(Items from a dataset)
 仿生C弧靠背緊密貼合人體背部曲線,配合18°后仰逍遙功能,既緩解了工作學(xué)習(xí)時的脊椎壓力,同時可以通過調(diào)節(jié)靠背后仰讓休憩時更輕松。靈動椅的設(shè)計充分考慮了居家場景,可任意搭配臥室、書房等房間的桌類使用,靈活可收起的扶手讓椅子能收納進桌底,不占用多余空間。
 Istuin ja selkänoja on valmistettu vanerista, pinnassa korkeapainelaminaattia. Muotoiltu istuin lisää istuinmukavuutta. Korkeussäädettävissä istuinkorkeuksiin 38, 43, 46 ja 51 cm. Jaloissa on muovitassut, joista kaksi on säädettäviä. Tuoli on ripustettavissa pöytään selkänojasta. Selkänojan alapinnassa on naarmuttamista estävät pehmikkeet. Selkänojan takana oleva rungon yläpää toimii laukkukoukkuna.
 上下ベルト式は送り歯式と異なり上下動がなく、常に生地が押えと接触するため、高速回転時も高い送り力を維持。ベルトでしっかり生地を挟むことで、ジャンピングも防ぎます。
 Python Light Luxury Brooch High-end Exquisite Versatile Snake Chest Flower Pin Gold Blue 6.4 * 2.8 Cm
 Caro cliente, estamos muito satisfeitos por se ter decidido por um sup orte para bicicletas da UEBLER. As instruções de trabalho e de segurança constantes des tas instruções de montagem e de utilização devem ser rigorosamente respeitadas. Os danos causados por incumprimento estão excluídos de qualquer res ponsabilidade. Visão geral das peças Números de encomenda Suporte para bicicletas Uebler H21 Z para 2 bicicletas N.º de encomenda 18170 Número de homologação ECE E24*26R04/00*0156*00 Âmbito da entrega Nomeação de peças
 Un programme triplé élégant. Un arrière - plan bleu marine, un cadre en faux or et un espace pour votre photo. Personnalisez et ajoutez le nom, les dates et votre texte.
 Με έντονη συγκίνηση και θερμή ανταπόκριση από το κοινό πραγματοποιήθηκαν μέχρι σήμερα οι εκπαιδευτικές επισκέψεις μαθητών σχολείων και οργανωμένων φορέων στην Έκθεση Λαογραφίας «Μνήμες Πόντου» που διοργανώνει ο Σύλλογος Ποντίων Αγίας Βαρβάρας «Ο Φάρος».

---

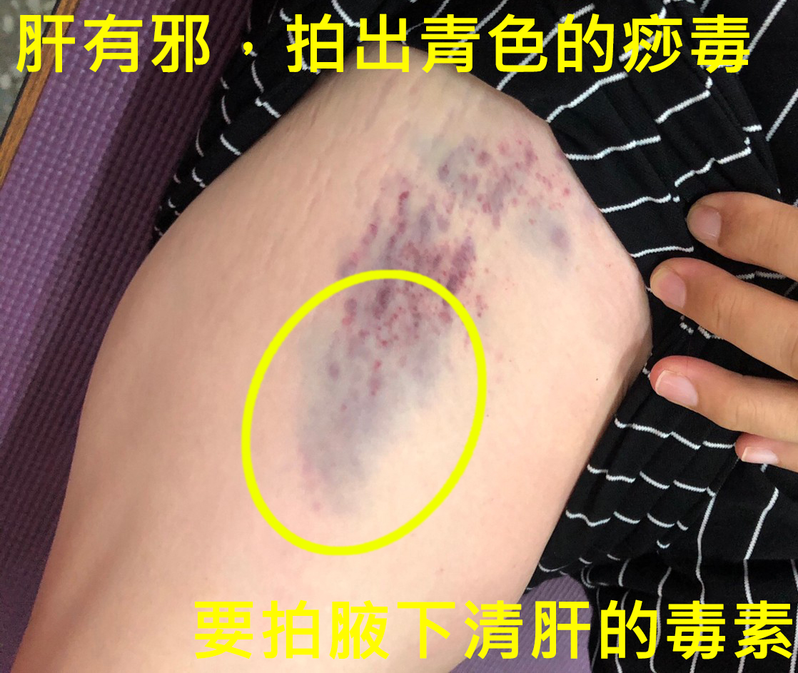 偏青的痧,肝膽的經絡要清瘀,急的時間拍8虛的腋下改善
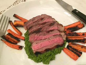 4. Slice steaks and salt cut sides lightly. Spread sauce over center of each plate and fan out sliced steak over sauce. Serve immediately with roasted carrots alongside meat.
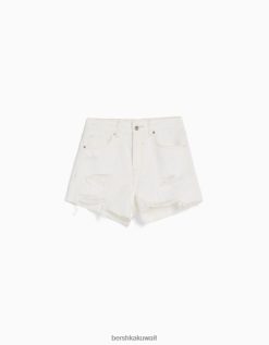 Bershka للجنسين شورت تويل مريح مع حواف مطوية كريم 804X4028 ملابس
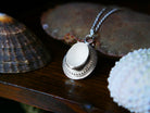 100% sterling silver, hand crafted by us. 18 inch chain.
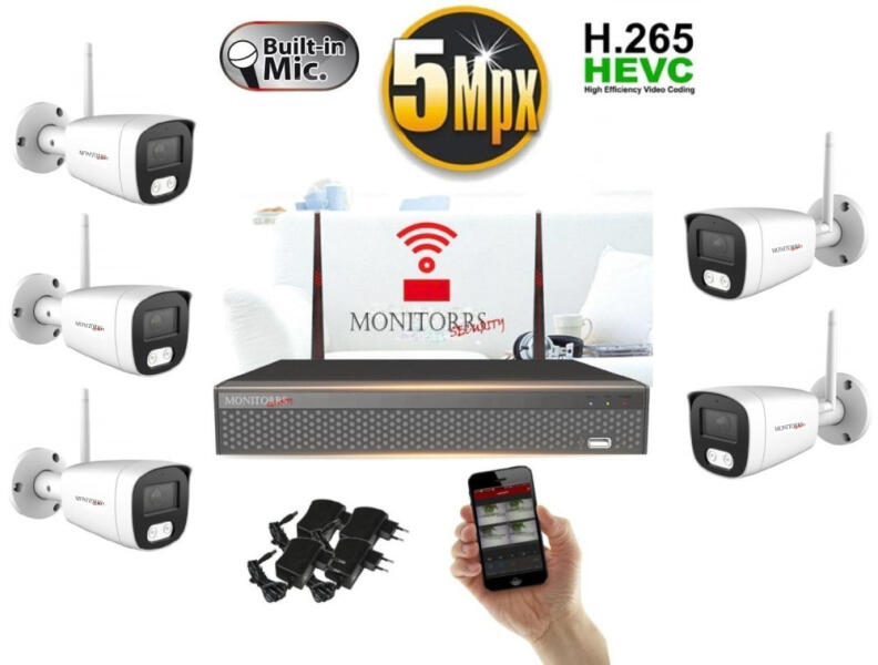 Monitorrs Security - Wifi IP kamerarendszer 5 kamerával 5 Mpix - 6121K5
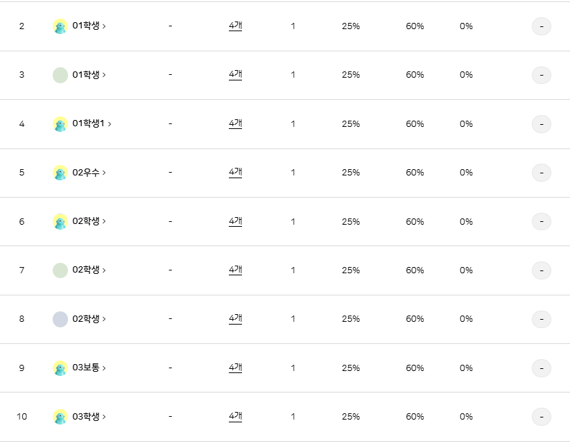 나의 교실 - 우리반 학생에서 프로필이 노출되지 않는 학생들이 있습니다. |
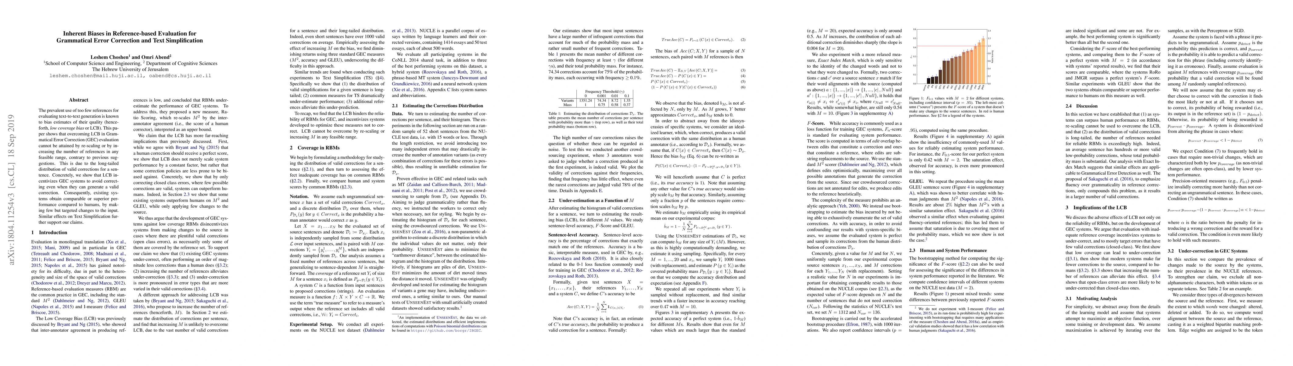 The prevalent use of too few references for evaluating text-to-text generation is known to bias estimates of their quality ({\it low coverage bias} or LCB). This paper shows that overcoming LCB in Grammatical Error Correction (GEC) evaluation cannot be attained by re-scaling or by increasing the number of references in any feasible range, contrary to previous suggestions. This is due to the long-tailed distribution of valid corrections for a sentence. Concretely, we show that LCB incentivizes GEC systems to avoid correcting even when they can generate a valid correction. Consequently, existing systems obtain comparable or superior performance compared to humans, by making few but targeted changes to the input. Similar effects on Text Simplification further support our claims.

▶ _Exercise brief_
After locating the line containing "100% sterling silver, hand" in the entries above, return it and every line after it exactly, ending at the line containing "나의 교실 - 우리반 학생에서 프로필이 노출되지 않는 학생들이 있습니다. |", without pictures.

▶ _Result for this task_
 100% sterling silver, hand crafted by us. 18 inch chain.
 Monitorrs Security - Wifi IP kamerarendszer 5 kamerával 5 Mpix - 6121K5
 나의 교실 - 우리반 학생에서 프로필이 노출되지 않는 학생들이 있습니다. |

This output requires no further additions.